For many patients with rare diseases, obtaining a diagnosis can take years, often referred to as a “diagnostic odyssey.” Despite advances in genetic sequencing, a large proportion of patients remain undiagnosed, leaving clinicians without clear guidance for treatment. The newly developed AI algorithm, called EvORanker, aims to address this challenge by identifying which gene, among thousands of candidates, is most likely responsible for a patient’s condition.
Evolutionary data as a new diagnostic source
Unlike conventional tools that rely primarily on existing medical knowledge, EvORanker analyses how genes have evolved across more than 1,000 species. By detecting patterns of co-evolution, the system can uncover functional relationships between genes, including those not previously associated with disease.
In clinical testing, the algorithm identified the correct disease-causing gene as the top candidate in nearly 70 percent of cases and ranked it within the top five in 95 percent of cases. According to the researchers, this represents a significant improvement over existing diagnostic tools, particularly in complex cases involving poorly understood genes. The research was recently published in Genetics in Medicine.
Patient impact
The study highlights several clinical examples. In one case, the algorithm identified a previously unknown gene linked to a child’s neurodevelopmental disorder after conventional diagnostics had failed. In another, it revealed the genetic basis of a severe multisystem disease, providing both diagnostic clarity and potential therapeutic direction.

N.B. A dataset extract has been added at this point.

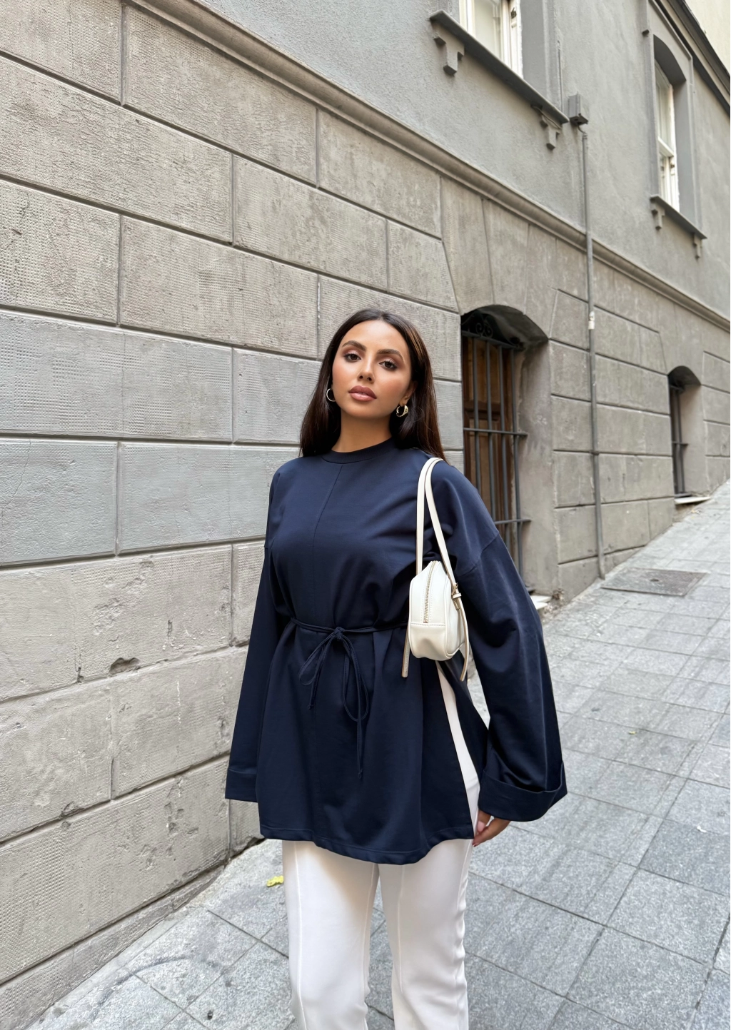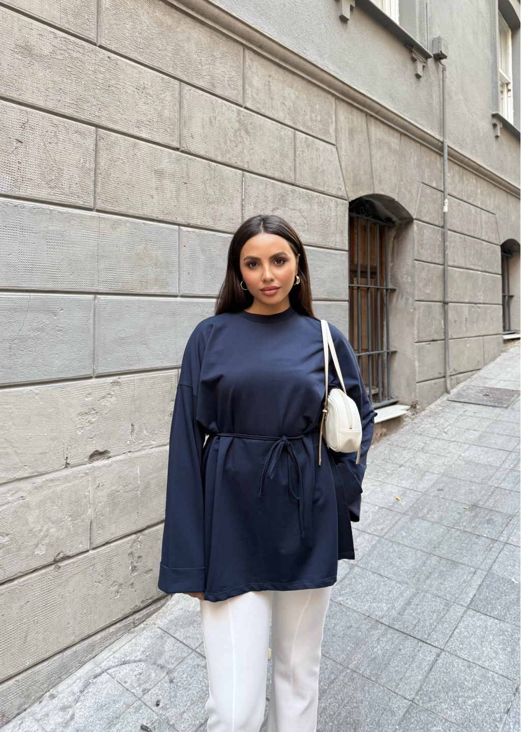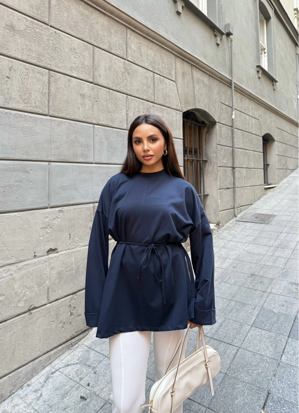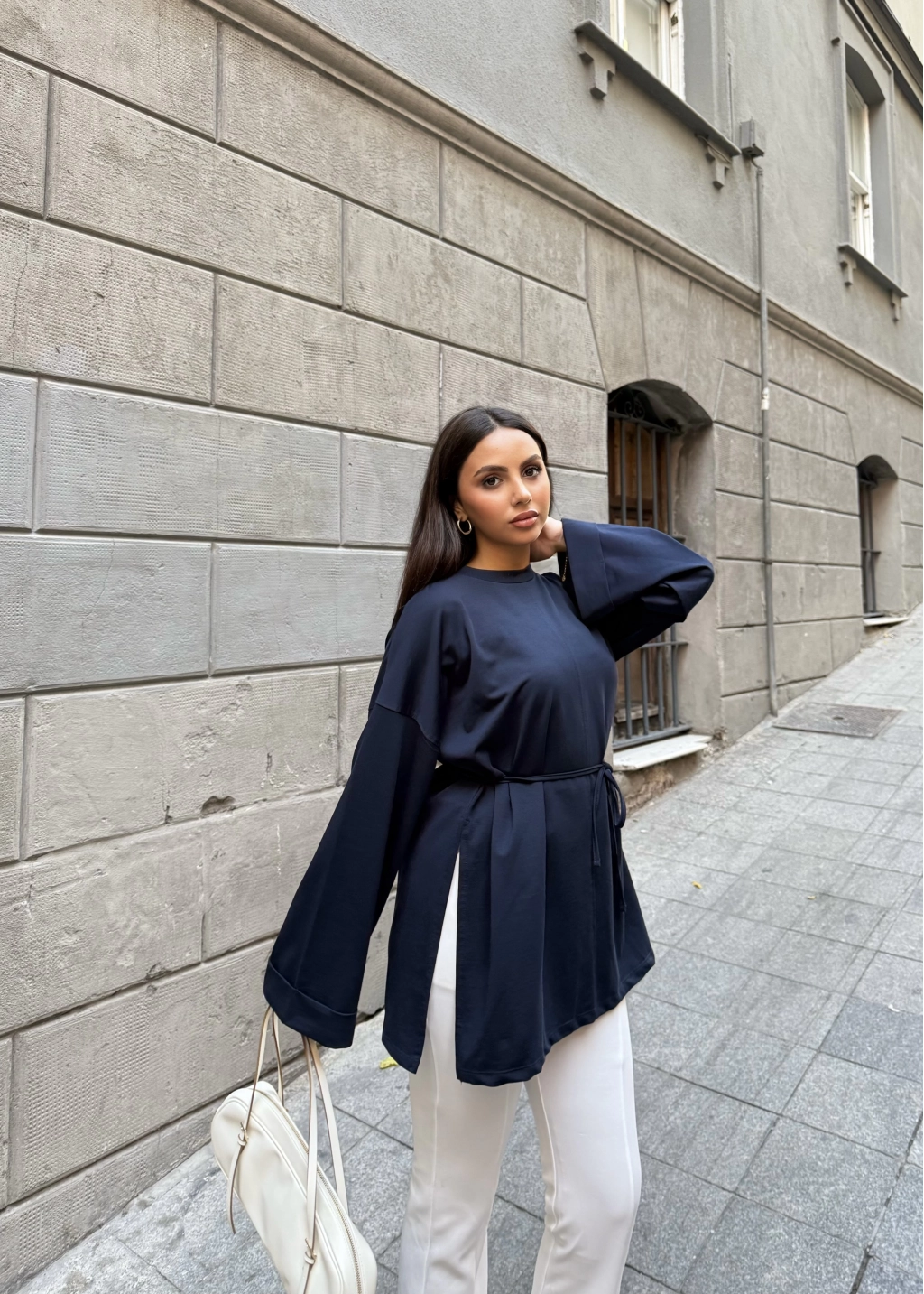 Nüha Yırtmaçlı Sweatshırt - Lacivert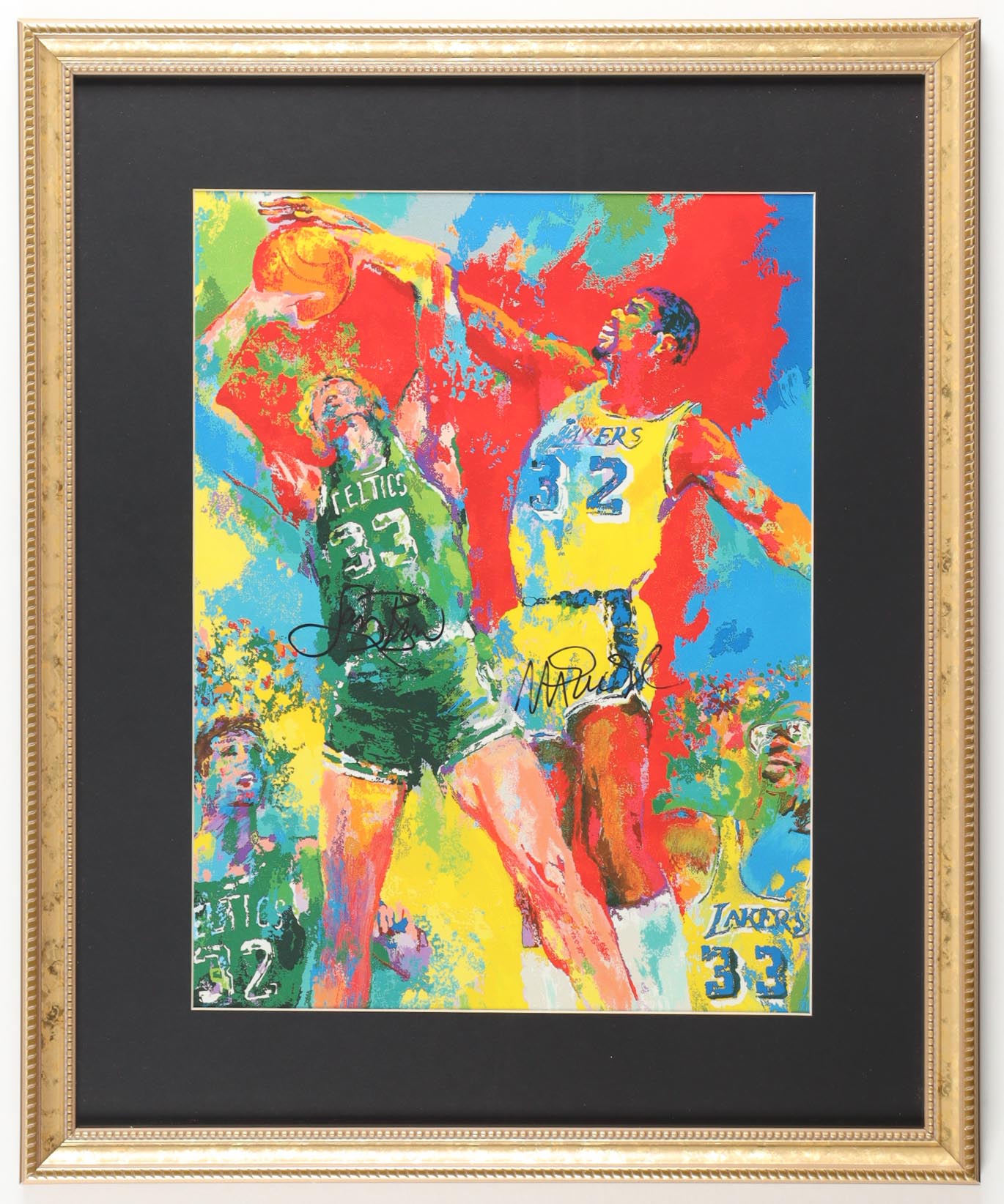 Custom frame measures 19" x 23" in size and features an art print that has been hand-signed by Magic Johnson (Los Angeles Lakers, HOF) and Larry Bird (Boston Celtics, HOF) by Leroy Neiman (D. 2016).

“There are thousands of cases like that around the world that fall through the cracks of current medicine,” said Prof. Yuval Tabach. “Our goal was to give patients and clinicians a tool that can find fast and accurate answers where none existed before.”
Broader implications
Beyond diagnosis, the tool may also support drug repurposing by linking newly identified disease genes to existing therapies. This could accelerate treatment development and reduce time to clinical application. While the current focus is on rare diseases, which affect up to 5 percent of the global population, the researchers are already exploring applications in oncology, including understanding tumor behavior and treatment response.
EvORanker is now available to researchers and clinicians, with further studies underway to validate its clinical impact. If successful, the technology could help transform rare disease diagnostics by turning years of uncertainty into faster, data-driven answers.